Note: if the text’s bounding rect does not start at the origin, then the coordinates of the top-left corner should be added to the result(s). The result is also not guaranteed to be within the expected window between 0 and self.env().bounds. The user should clamp the result.

Update font size

This updates the result of TextDisplay::prepare_runs due to change in font size.

Prerequisites: prepared runs: panics if action is greater than Action::Wrap.
Post-requirements: prepare lines (requires action Action::Wrap).
Parameters: see crate::Environment documentation.

Prepare text runs

This is the first step of preparation: breaking text into runs according to font properties, bidi-levels and line-wrap points.

Prerequisites: none (ignores current action state).
Post-requirements: prepare lines (requires action Action::Wrap).
Parameters: see crate::Environment documentation.

Prepare lines (“wrap”)

This does text layout, with wrapping if enabled.

Prerequisites: prepared runs: panics if action is greater than Action::Wrap.
Post-requirements: none (Action::None).
Parameters: see crate::Environment documentation.
Returns: required size, in pixels.

Get required action

Require an action

Required actions are tracked internally. This combines internal action state with that input via max. It may be used, for example, to mark that fonts need resizing due to change in environment.

Prepare text for display, as necessary

Does all preparation steps necessary in order to display or query the layout of this text.

Required preparation actions are tracked internally, but cannot notice changes in the environment. In case the environment has changed one should either call TextDisplay::require_action before this method or use the TextDisplay::prepare_runs, TextDisplay::resize_runs and TextDisplay::prepare_lines methods.

Returns new size requirements, if an update action occurred. Returns None if no action was required (since requirements are computed as a side-effect of line-wrapping, and presumably in this case the existing allocation is sufficient).
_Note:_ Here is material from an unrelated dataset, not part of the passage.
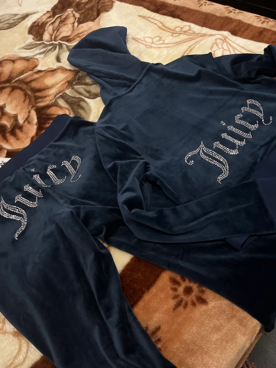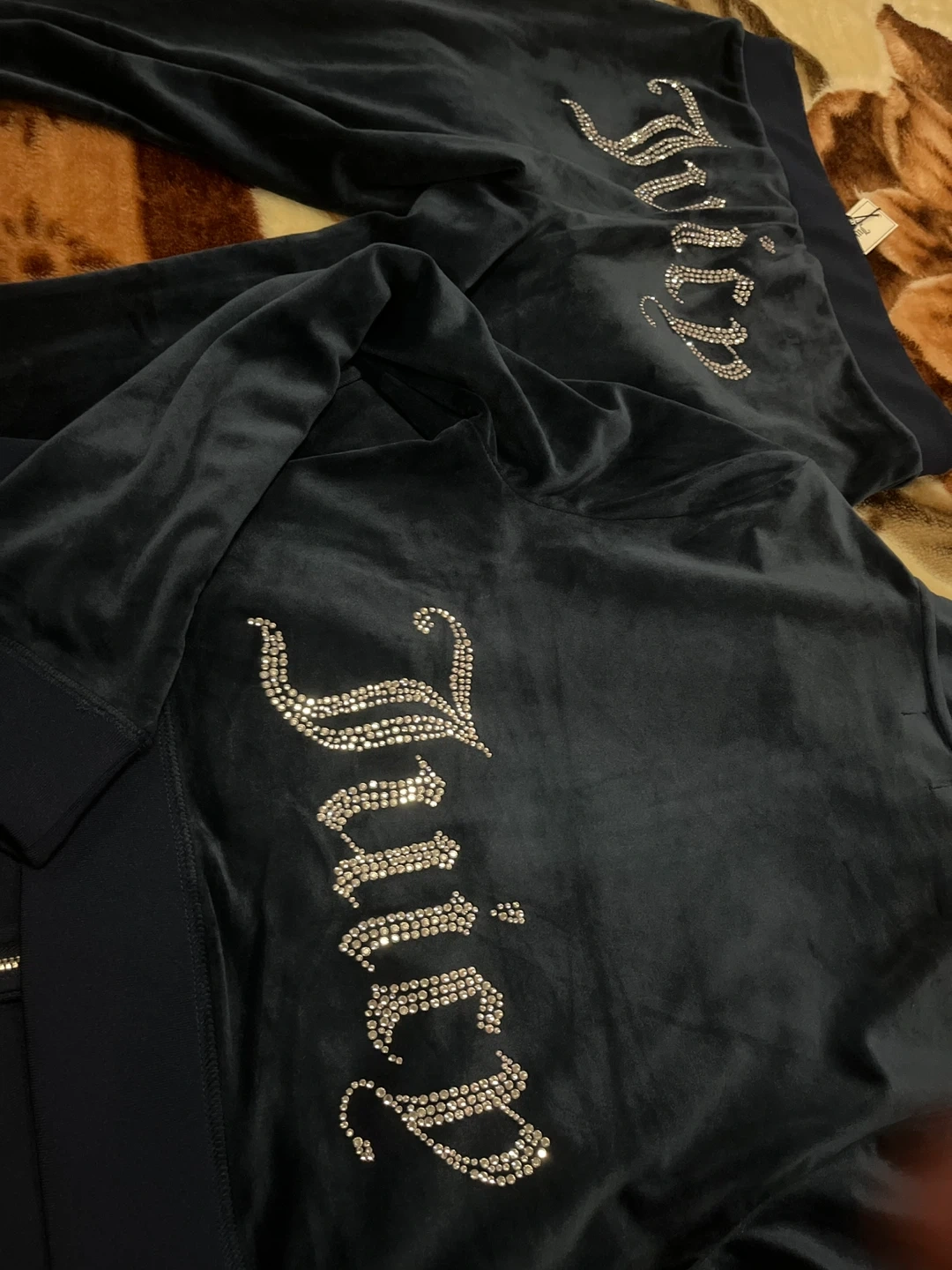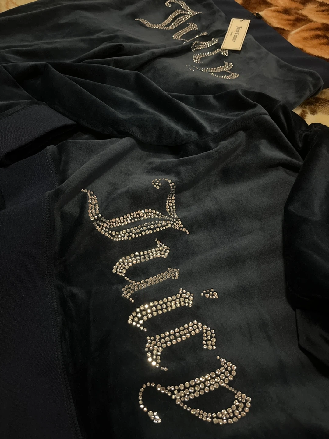 Selling a super comfy Juicy Couture velour tracksuit! It's a stylish and cozy set, perfect for lounging or running errands. The material is soft and plush, and the rhinestone detailing adds a touch of glam to the classic tracksuit look! Mint Condition never worn.

One may force calculation of this value by calling text.require_action(Action::Wrap).

Get the number of lines

Find the line containing text index

Returns the line number and the text-range of the line.

Returns None in case index does not line on or at the end of a line (which means either that index is beyond the end of the text or that index is within a mult-byte line break).

Get the range of a line, by line number

Get the directionality of the current line

Returns true for left-to-right lines, false for RTL.

Panics if line >= self.num_lines().

Get the directionality of the current line

Returns true for right-to-left lines, false for LTR.

Panics if line >= self.num_lines().

Find the text index for the glyph nearest the given pos

This includes the index immediately after the last glyph, thus result ≤ text.len().

Note: if the font’s rect does not start at the origin, then its top-left coordinate should first be subtracted from pos.

Find the text index nearest horizontal-coordinate x on line

This is similar to TextDisplay::text_index_nearest, but allows the line to be specified explicitly. Returns None only on invalid line.